A transition period may result in what’s known as the keto flu, a feeling of lethargy, nausea and mental fog. Once in ketosis, which can be measured with urine testing strips, many people report weird-smelling breath and urine, but also feeling less hunger and more energy.
It may be effective, but the nature of dieting predicts a high risk of failure, said obesity expert Dr. Yoni Freedhoff, assistant professor at the University of Ottawa and medical director of the Bariatric Medical Institute.
To remain in ketosis, followers have to avoid “a huge swath of our modern day food environment,” Freedhoff said, adding there is no long-term data on the diet.
“Ketosis isn’t particularly dangerous or magical. It’s another one of a thousand ways a person might try to control their dietary intake … it still does come down to energy intake and output.”
Nicole Bourgeois maintained it for more than two years, but fell off after trying to incorporate dairy back into her diet. Between 2012 and 2014, she lost more than 65 pounds in six months.
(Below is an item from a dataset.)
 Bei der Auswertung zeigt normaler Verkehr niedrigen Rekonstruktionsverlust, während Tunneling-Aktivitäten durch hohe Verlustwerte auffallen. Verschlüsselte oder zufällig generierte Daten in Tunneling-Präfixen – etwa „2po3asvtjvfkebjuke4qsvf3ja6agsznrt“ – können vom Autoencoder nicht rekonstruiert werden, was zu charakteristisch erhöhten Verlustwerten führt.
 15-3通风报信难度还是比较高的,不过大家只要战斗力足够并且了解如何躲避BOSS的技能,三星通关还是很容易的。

The former vegetarian had relied on breads and pasta to feel full but didn’t like how the future looked at 210 pounds. Her keto diet, at 3,000 calories a day, changed her relationship with food.
“You are not wearing the ball and chain of sugar,” said Bourgeois, 41, who works in administration in Toronto. “My life is simpler when I’m living this lifestyle.”
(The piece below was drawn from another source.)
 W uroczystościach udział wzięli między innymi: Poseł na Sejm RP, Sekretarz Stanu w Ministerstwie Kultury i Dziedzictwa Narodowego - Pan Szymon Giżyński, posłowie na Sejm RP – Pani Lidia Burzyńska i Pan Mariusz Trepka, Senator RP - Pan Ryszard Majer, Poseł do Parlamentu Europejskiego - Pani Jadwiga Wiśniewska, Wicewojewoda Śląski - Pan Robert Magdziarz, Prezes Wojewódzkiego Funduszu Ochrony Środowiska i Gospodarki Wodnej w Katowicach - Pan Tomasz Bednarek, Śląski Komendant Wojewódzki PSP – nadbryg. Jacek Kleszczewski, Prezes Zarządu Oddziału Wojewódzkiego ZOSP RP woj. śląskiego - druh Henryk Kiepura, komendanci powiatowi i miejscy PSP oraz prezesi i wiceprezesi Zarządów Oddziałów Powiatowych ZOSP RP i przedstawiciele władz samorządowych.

She’s trying to return to ketosis but the adjustment period is rough.
“One foot in and one foot out is the worst possible place to be,” Bourgeois said.
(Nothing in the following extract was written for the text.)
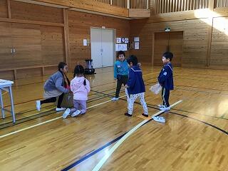 12月19日(木)、1年生は3回目の保育園との交流がありました。1,2回目の交流でうまくいかなかったことを改善して、パワーアップさせました。体育館に園児たちの楽しそうな声が響いていました。小学校では1番下の1年生が、園児たちのお世話をたくさんしていて、とても頼もしく見えました。
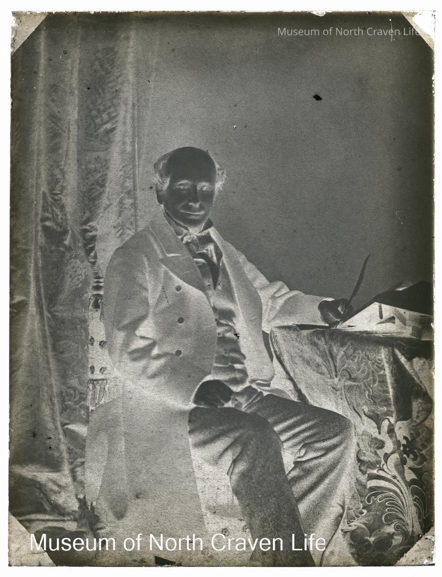 A quarter-plate gelatin silver glass plate negative. A full length seated studio portrait of a man at desk writing with quill pen.Collection

Even a little cheating can sideline the diet’s effects, said Toronto registered dietitian Abby Langer.
“You have to maintain ketosis. It’s not a diet you can step out of on the weekends and step back into. You have to maintain it to use the fat as energy.”
If someone cheated and ate pizza, the body would switch back to using the carbs as energy, she said. Add that onto a day of chicken skin and fat bombs, and you could be in trouble.
“Most dietitians will say it’s not healthy,” Langer says, but she disagrees. If weight loss is the primary goal, it’s effective, but she warns having a social life or running long distances without carbs could be tough.
In the 1920s, doctors in the U.S. started to investigate a starvation diet as a treatment for epilepsy, according to the journal Epilepsia. The absence of carbohydrates appeared to force the body to burn fat.
Starvation being unsustainable, doctors then developed a strict 4:1 fat to protein and carbohydrate ratio to reduce seizure activity in children, which remains a recognized treatment today.
Some studies have suggested the diet can potentially play a role in the treatment of other illnesses such as diabetes, polycystic ovary syndrome, acne, neurological diseases, even cancer and cardiovascular disease, according to a 2013 report in the European Journal of Clinical Nutrition.
But not everyone is convinced.
“It has kind of a science-y background that may make it seem like it has more legitimacy as a diet for all of us than it really does,” said Timothy Caulfield, Canada Research Chair in health law and policy at the University of Alberta and author of Is Gwyneth Paltrow Wrong About Everything? When Celebrity Culture and Science Clash.
“For most human beings, there’s nothing special about this diet,” he said.
In general, most diets work when people pay attention to what they’re eating, which is often for only a short period of time, he said. When it comes to healthy weight loss, a diet has to be maintained forever.
“We always see these different macronutrients getting emphasized,” he said, referring to the carbohydrates, fats and proteins that make up the building blocks of food.
“Look at the different diets throughout history, and there are literally hundreds. Name one that, over the long term, has turned out to work. You can’t. They all perform about the same, regardless of the macronutrient being emphasized.”